This proposal, however, would not help most workers who lose their health insurance when they are laid off. The level of funding it provides is sufficient to maintain health insurance for only a small fraction of unemployed workers.

In addition, the proposal contains no requirement that states establish any minimum standards for the health insurance policies for which these funds could be used, which could lead in some areas to the use of federal funds to purchase low-quality private plans with high deductions and limited benefits. Moreover, the proposal is designed in such a manner that substantial numbers of low-wage workers who lose their jobs would be ineligible for assistance.

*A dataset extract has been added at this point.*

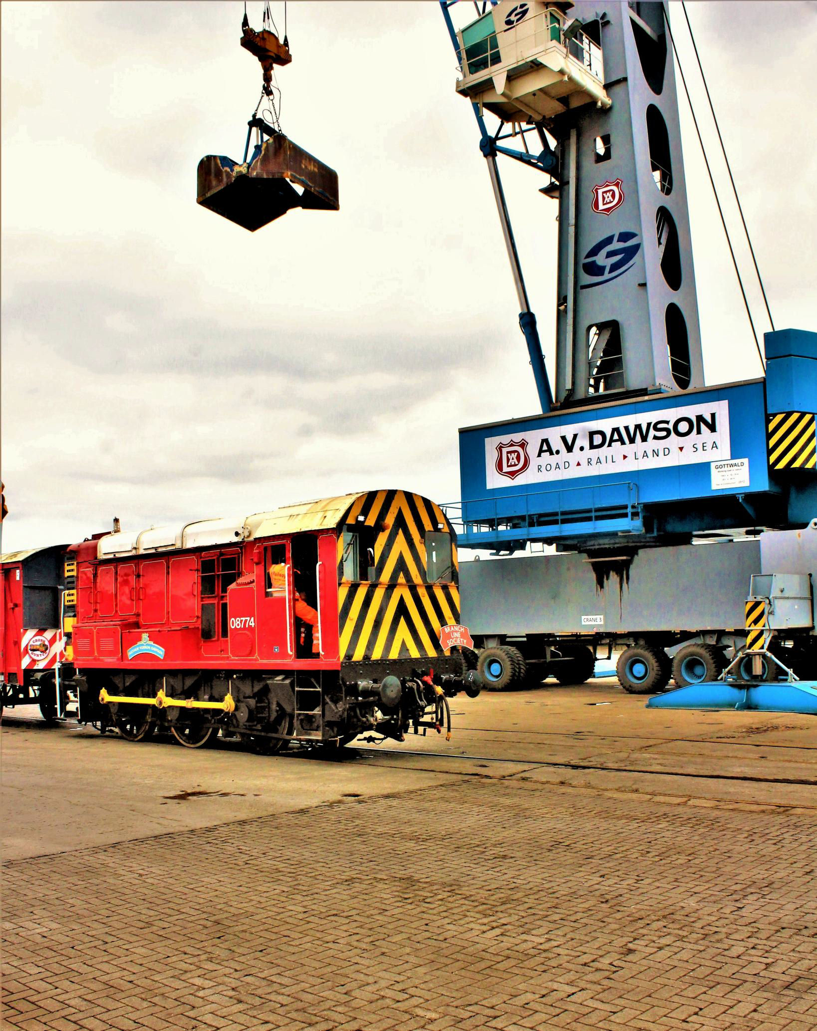 Hold on tight everyone; the crane shunting demonstration is about the begin... at the end of the North Sea Supply Base Wharf, inner track.

The proposal's use of the Social Services Block Grant to deliver these funds also is questionable. The Ways and Means Committee appears to have selected the SSBG as the program to receive these funds primarily because it falls solely under the Committee's jurisdiction while more appropriate programs to help the unemployed maintain health insurance coverage do not. A more effective way to help unemployed workers keep their health insurance would be through a combination of a temporary federal subsidy to reduce the cost of health insurance premiums that are charged to unemployed workers under COBRA (which enables laid-off workers to maintain health coverage through their former employer if they pay the full cost of the insurance premium) and a temporary Medicaid option for states to cover poor unemployed workers who have too little income to afford the COBRA premium even with a COBRA subsidy or who are ineligible for COBRA. Under this temporary Medicaid option, the federal government would bear most of the costs.

The Ways and Means package also fails to address another key problem related to the provision of health insurance to unemployed workers and their families. Many low-income families with children will become eligible for Medicaid when a parent loses his or her job (and his or her health insurance) and the family's income falls. Many states are suffering serious fiscal stress as a result of the economic downturn, however, and are likely to encounter difficulty in meeting the costs of the increases in Medicaid enrollment that the recession is likely to engender. A stimulus package also could help states address this problem through a modest one-year increase in the federal Medicaid matching rate — that is, in the share of Medicaid costs the federal government bears.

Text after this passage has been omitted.